Our analysis shows that failing to close the skills gap could cost China up to 1.7 percentage points from its average annual growth rate in the next 10 years. Mexico and South Africa could lose 1.8 percentage points. Economies with a stronger skills base could still lose big: as much as US$975 billion in the United States and US$264 billion in Germany.
If G20 countries are unable to adapt the supply of skills to meet the needs of the new technological era, they risk forgoing up to US$11.5 trillion in GDP growth over the next 10 years.
Our ground-breaking analysis reveals the relative shift in demand for different kinds of work, based on whether intelligent technologies automate tasks or augment them. We estimate that, overall, 51% of time worked could be augmented. 38% is automatable.
We have constructed 10 role clusters that make up the world of work. Each role cluster groups occupations that are impacted by intelligent technologies in similar ways. Tasks in the Science & Engineering and the Empathy & Support clusters are most likely to be augmented, as intelligent technology enhances people’s capabilities and the value of the work they do. Physical Manual Labor will be most exposed to automation in the coming decade.
For most roles, augmentation holds great promise. Business and government decisions will determine by how much and by when.
In the US, Empathy and Support workers, such as nurses and psychiatrists, represent the largest single share of employment in the entire economy. Our research highlights that these roles are highly augmentable. Sixty-four percent of their work time could be potentially augmented, and 14 percent might be augmented within the next ten years. As this happens, we can expect an increase in demand for these roles, as much as 1.4 million workers. With the right skilling investments, the prize is there for the taking.
To many, the response to the skills crisis is simple: train more engineers; raise the number of arts graduates. But creating larger cohorts with certain skills is not the answer. Two things stand out in our analysis:
Speed up Experiential Learning:
From design thinking in the board room to simulation training tools for technical roles; from on-the-job training initiatives to apprenticeships. Apply new technologies like virtual reality and AI to make learning more immersive, engaging and personalized.

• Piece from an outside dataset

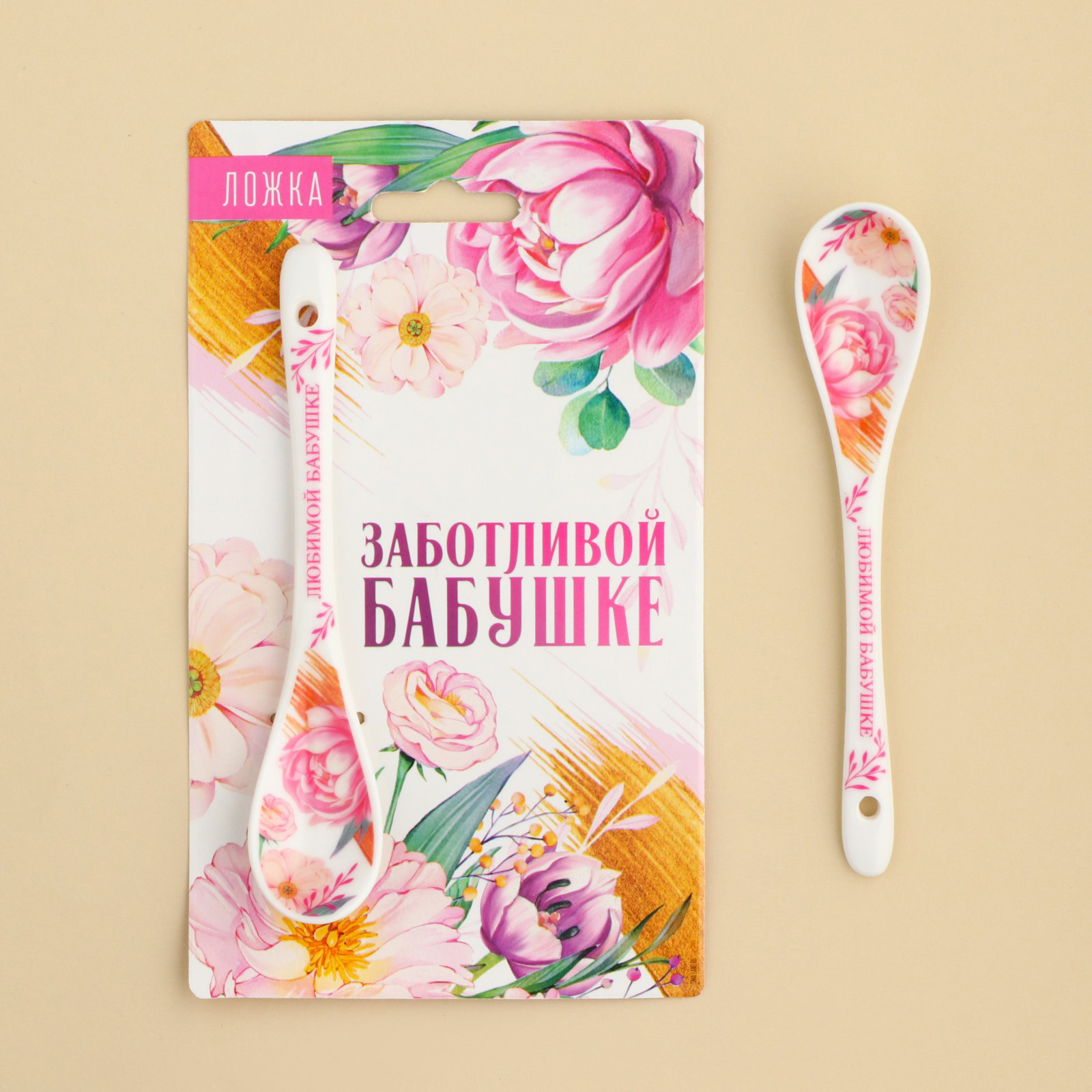 Ложка сувенирная «заботливой бабушке», керамика, 2,5 х 12,5 см.

Shift focus from Institutions to Individuals:
Incentivize each individual to develop a broader blend of skills, rather than only targeting the output of institutions in terms of graduates or certifications.
Empower Vulnerable Learners:
Support older workers, those in lower skill roles or in smaller businesses, who can be more vulnerable to work dislocation and have less access to training. Offer more guidance to follow appropriate training and career pathways. Provide modular learning to suit their life commitments. Provide new funding models, such as grants, to encourage personal lifelong learning plans.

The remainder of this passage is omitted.